_Work item_
For the data below, transcribe the part that opens with the line containing "Designed by Gary" and closes with the line containing "Step 3: On the", exactly and with no pictures.

_Supplied data_
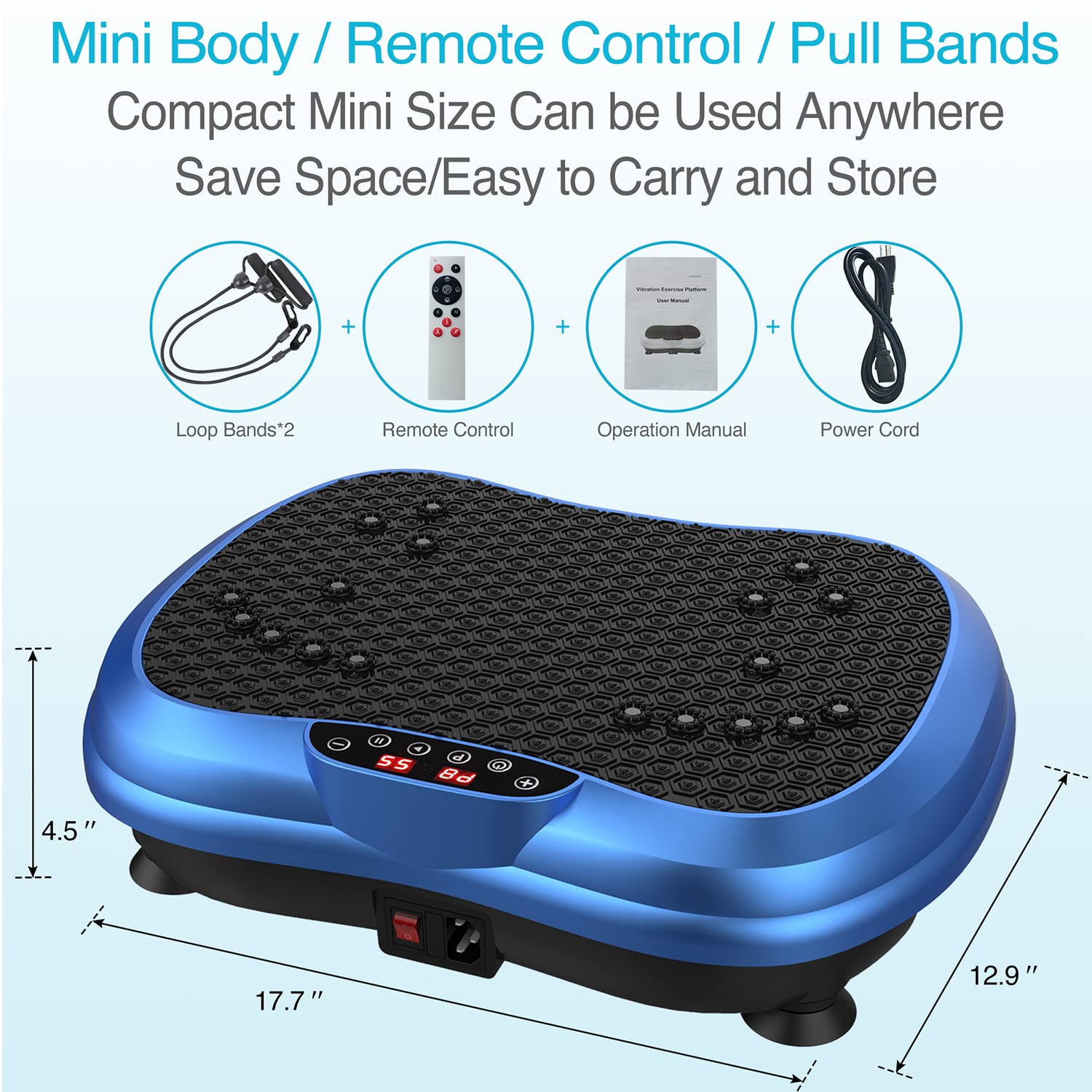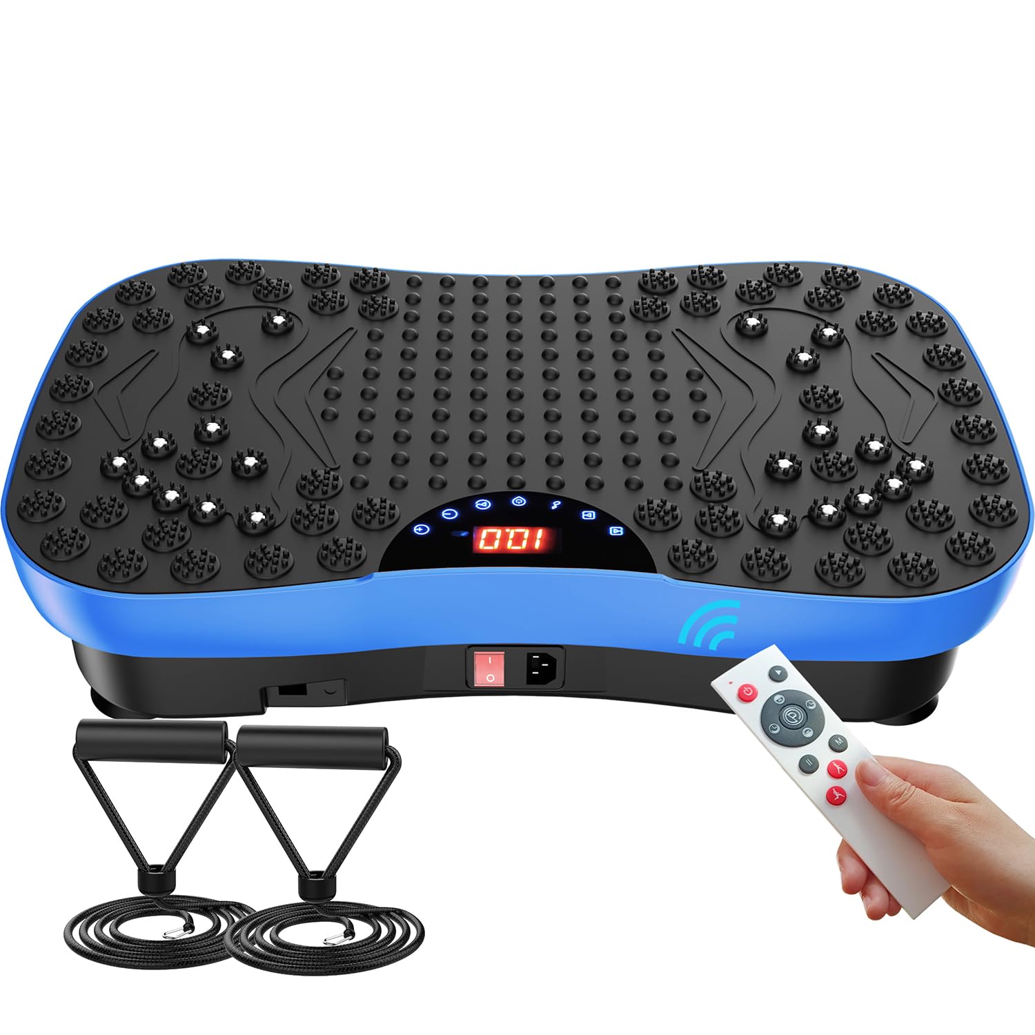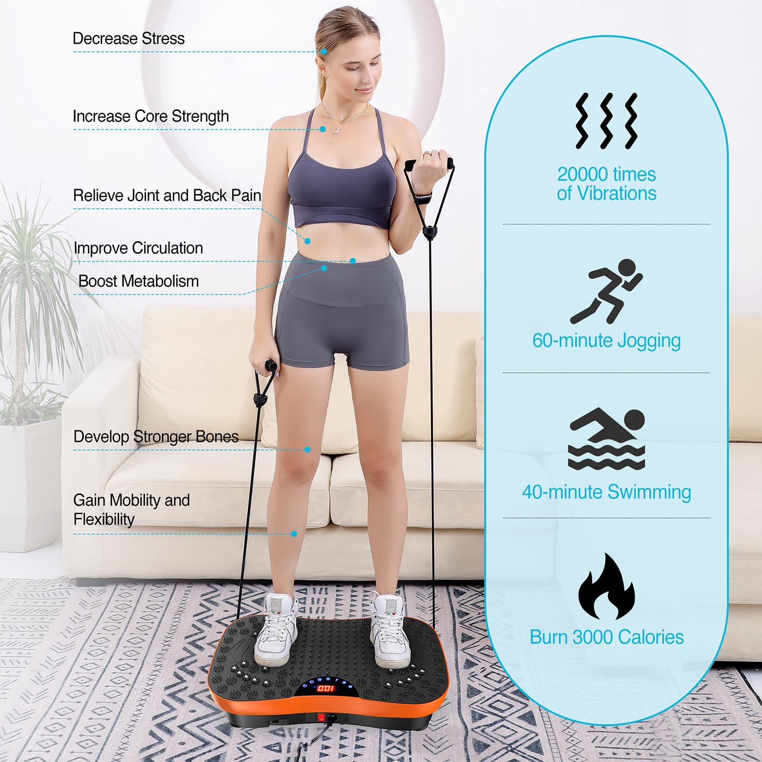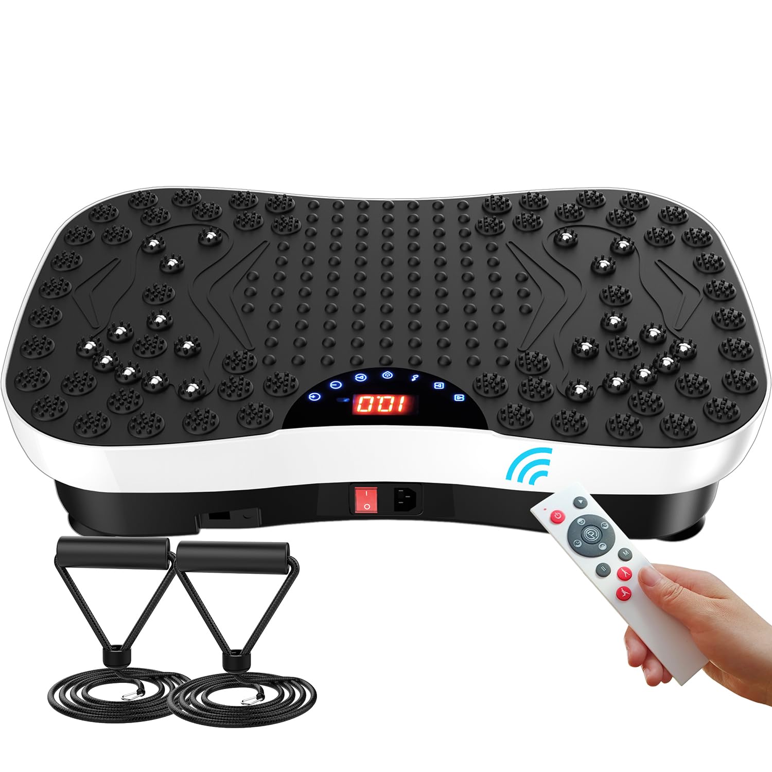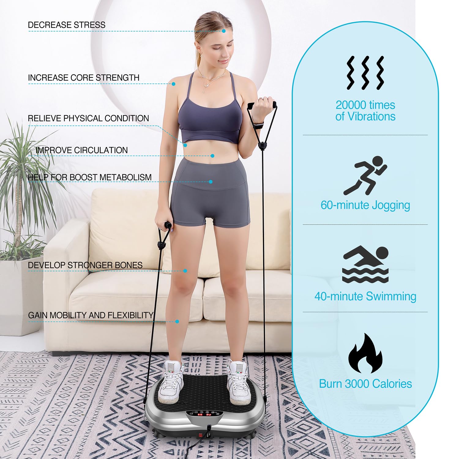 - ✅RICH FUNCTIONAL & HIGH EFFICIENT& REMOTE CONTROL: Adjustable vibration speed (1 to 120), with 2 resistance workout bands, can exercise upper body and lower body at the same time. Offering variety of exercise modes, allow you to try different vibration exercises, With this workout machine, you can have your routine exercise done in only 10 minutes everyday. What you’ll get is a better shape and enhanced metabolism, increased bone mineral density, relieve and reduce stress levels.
---
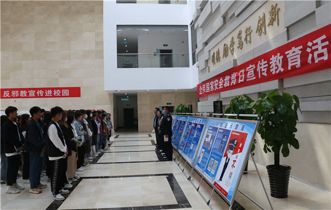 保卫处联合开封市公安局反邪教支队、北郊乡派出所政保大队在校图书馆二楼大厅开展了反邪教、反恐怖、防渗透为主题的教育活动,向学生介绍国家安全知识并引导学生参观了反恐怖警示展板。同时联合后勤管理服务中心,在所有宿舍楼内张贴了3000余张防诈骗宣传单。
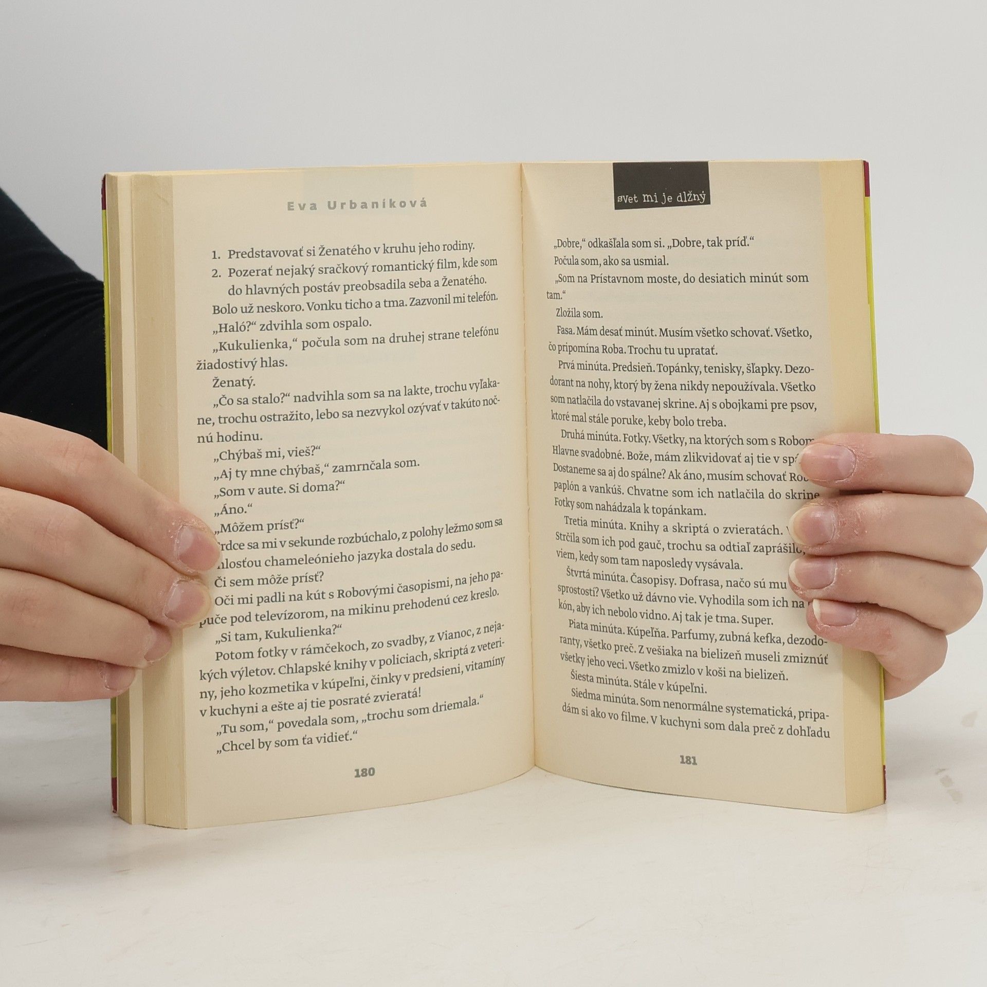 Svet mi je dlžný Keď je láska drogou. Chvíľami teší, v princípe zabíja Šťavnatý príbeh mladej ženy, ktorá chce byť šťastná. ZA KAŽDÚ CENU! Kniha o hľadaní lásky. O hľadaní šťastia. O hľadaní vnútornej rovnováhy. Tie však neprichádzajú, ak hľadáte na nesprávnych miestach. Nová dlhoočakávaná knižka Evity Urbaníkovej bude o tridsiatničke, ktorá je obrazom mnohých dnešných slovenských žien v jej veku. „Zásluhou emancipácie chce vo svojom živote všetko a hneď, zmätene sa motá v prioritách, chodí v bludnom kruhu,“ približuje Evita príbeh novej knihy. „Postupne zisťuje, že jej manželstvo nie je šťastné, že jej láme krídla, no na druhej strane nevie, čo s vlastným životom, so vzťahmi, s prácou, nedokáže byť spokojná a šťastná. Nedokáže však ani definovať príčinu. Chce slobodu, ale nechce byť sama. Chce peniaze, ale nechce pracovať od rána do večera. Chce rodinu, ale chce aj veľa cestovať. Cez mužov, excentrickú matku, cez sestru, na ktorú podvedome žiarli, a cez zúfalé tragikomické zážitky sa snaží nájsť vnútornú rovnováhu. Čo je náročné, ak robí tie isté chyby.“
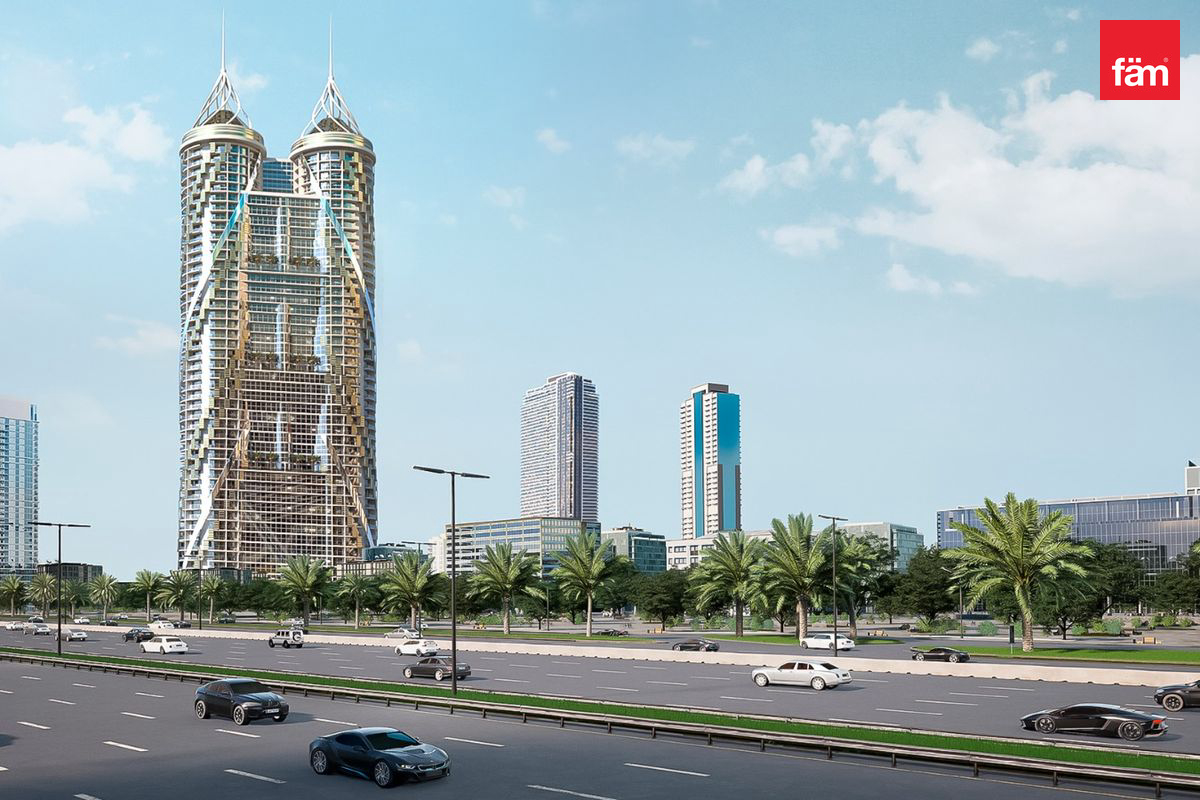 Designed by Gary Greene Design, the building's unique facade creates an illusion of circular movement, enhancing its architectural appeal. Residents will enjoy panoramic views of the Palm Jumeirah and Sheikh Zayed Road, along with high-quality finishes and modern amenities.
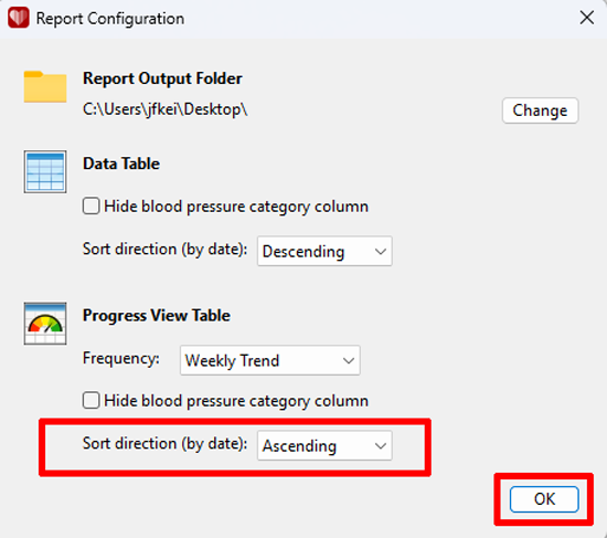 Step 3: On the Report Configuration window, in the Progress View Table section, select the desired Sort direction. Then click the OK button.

_Result of this task_
 Designed by Gary Greene Design, the building's unique facade creates an illusion of circular movement, enhancing its architectural appeal. Residents will enjoy panoramic views of the Palm Jumeirah and Sheikh Zayed Road, along with high-quality finishes and modern amenities.
 Step 3: On the Report Configuration window, in the Progress View Table section, select the desired Sort direction. Then click the OK button.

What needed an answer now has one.